= What to work on =
Please transcribe the data below exactly. Leave the pictures out.

= Recorded information =
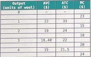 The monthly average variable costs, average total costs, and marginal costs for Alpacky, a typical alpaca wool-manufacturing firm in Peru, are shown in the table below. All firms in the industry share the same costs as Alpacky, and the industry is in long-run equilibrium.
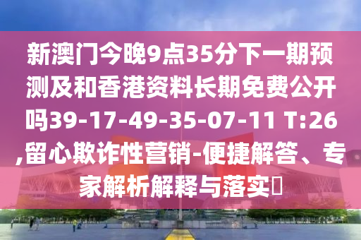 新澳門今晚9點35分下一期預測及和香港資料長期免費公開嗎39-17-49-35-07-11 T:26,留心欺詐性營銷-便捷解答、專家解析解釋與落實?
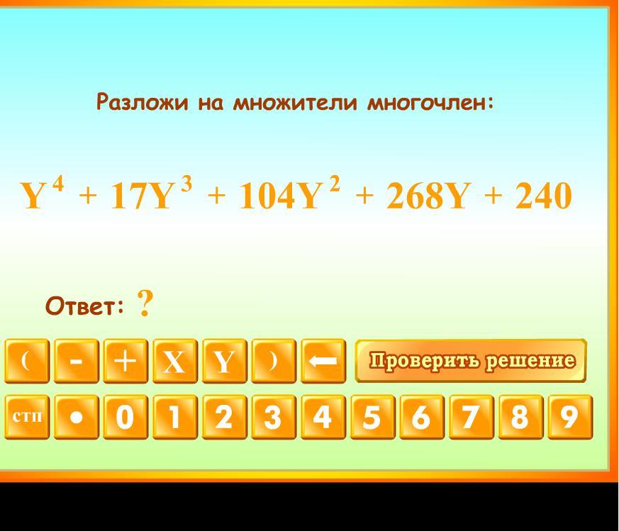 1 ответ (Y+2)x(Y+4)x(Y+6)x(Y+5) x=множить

= Expected answer =
 The monthly average variable costs, average total costs, and marginal costs for Alpacky, a typical alpaca wool-manufacturing firm in Peru, are shown in the table below. All firms in the industry share the same costs as Alpacky, and the industry is in long-run equilibrium.
 新澳門今晚9點35分下一期預測及和香港資料長期免費公開嗎39-17-49-35-07-11 T:26,留心欺詐性營銷-便捷解答、專家解析解釋與落實?
 1 ответ (Y+2)x(Y+4)x(Y+6)x(Y+5) x=множить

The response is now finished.